When your children leave home, you may feel like your role as a parent has come to an end. Although one of the ‘10 Transition Tips for Empty Nesters’ emphasized that you shouldn’t fix your children’s problems, but you can still lend a hand. One area you can offer some guidance in is in paying off student loans. After all, you’ve probably been in a similar situation before.
Here are some tips to help you do just that!
Know What They Owe
Take the time to sit down and create an organized list of loan servicers your children have got aid from and the amount taken out from each one. Be sure to mark which loans are federal and private. Also note minimum monthly payments and interest rates for each one. This is the first step to tackling the much harder tasks.
Evaluate Their Repayment Options
Depending on your children’s flexibility for repayment, evaluate the number of options. These differ depending on income, household size, and areas graduated from and relocated to. A program in Maine offers student debt relief for graduates who both live and work in their state.

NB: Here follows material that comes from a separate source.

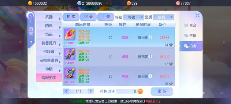 Hello,大家好,我是挽深秋,很高兴又到了大家见面的时间,那么今天的节目,我们将要围绕着跨服拍卖开始,今天我们来鉴赏一下跨服拍卖的四件神装,让我们一起来看一下吧。
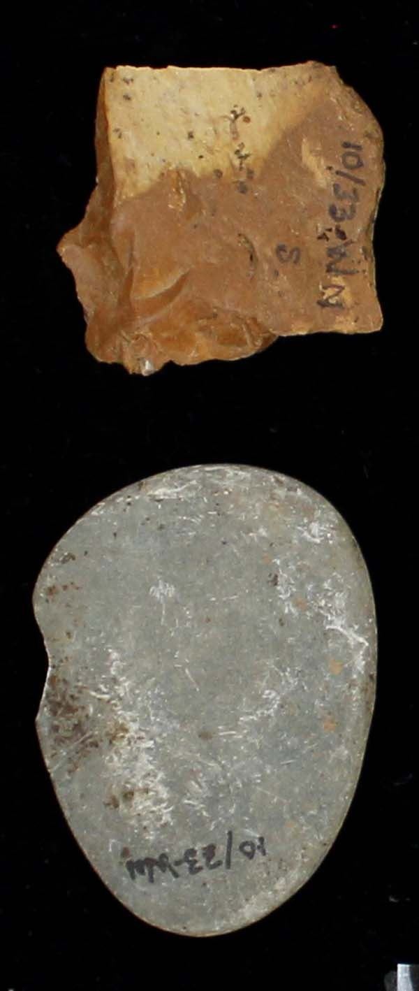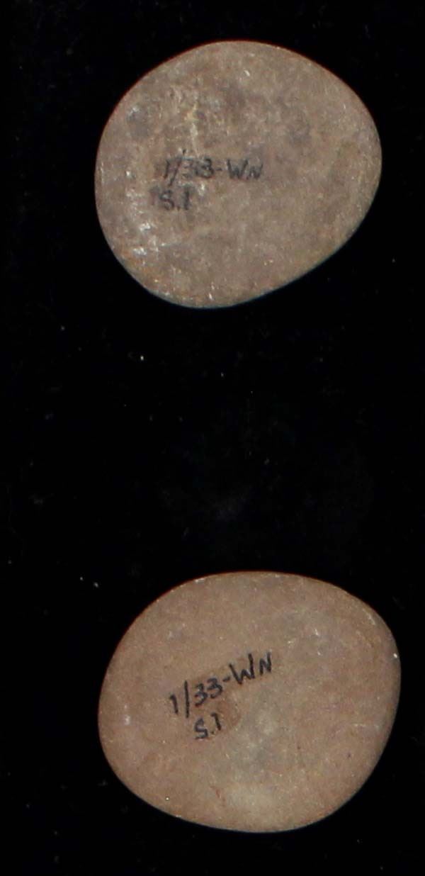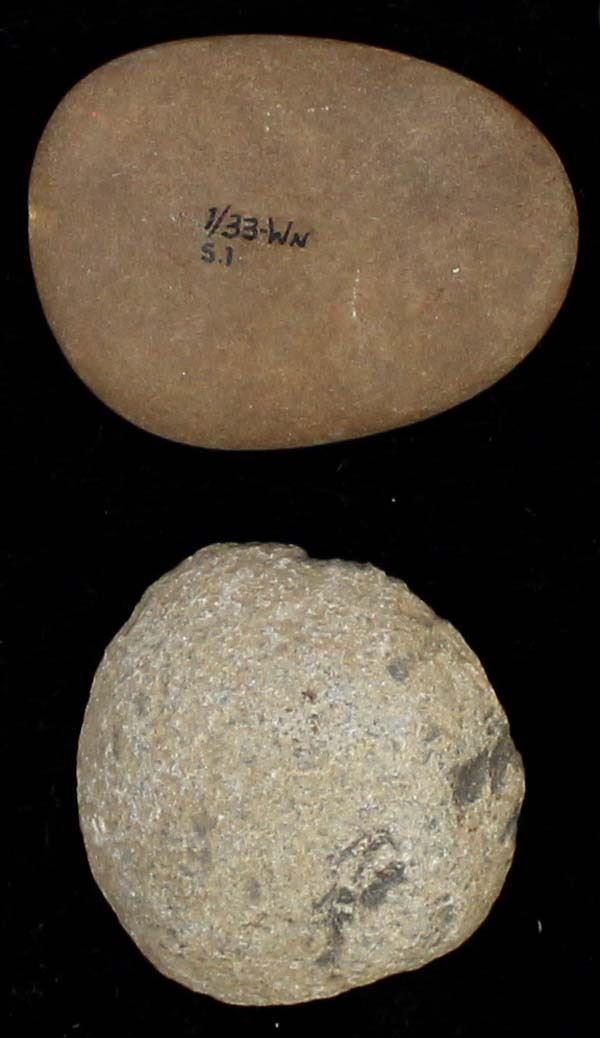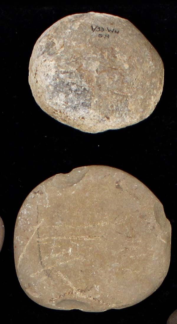 Collection of Native American Smoothing Stones, Game Ball, Flint, and Flint Core, largest measures 3''D, 10 of the pieces have inventory numbers on them

Although details differ, the general understanding is that you can subtract your total student loan payments over the year from your state income tax liability.
Get A Handle On Their Future Earning Potential
It can be difficult to financially plan for the future without knowing what type of income your child will have once they graduate. Depending on what they are studying and the sector they are planning to go into, you should be able to get a baseline on average salaries throughout their career. For example, if they are studying to be a Family Nurse Practitioner, you should be able to find out how much do family nurse practitioners earn by doing some research on Google. It will be the same if they’re studying law or economics.
Consider Refinancing Student Debt
Refinancing means taking out a new and easy loan, something that’s similar to a title loan to pay off an existing one so that you still end up with one monthly payment. In Ohio, for instance, getting title loans approved in Cincinnati usually takes just 24 hours, with a three-year repayment option. Your child can even end up paying less if the new loan has a lower interest rate than the average rate of the old loan.
Encourage Them to Setup Auto-Pay
As your children get older, they learn the importance of having good credit. To avoid hurting their score with late payments, encourage them to setup auto-pay so that payments can be deducted automatically on a monthly basis. You can even get additional perks like a small interest rate deduction from the loan.
Use the Grace Period
As the grace period is the time you don’t have to make a payment, tell your children to leverage this. They can make advanced payments during this time, which will result in less added interest down the road. An article on Washington’s Top News states that most federal student loans give grace periods of up to six months. Consider how this works for your children, and whether or not this can be changed by consolidating their loan. Factor in their job prospects to see if it’s reasonable for them to skip the grace period altogether, or use it as a transitional period.
As a parent––albeit an empty nester––your duty to your children never dies. You can still walk them through the most difficult stages of their lives, and they will thank you later.
You may also want to check out How Student Loan Refinancing works.
When you refinance student loans, you consolidate your existing federal and private education loans into a single loan. This new loan does not have an origination fee and typically has a lower interest rate. You can often choose between a fixed or variable rate loan when refinancing.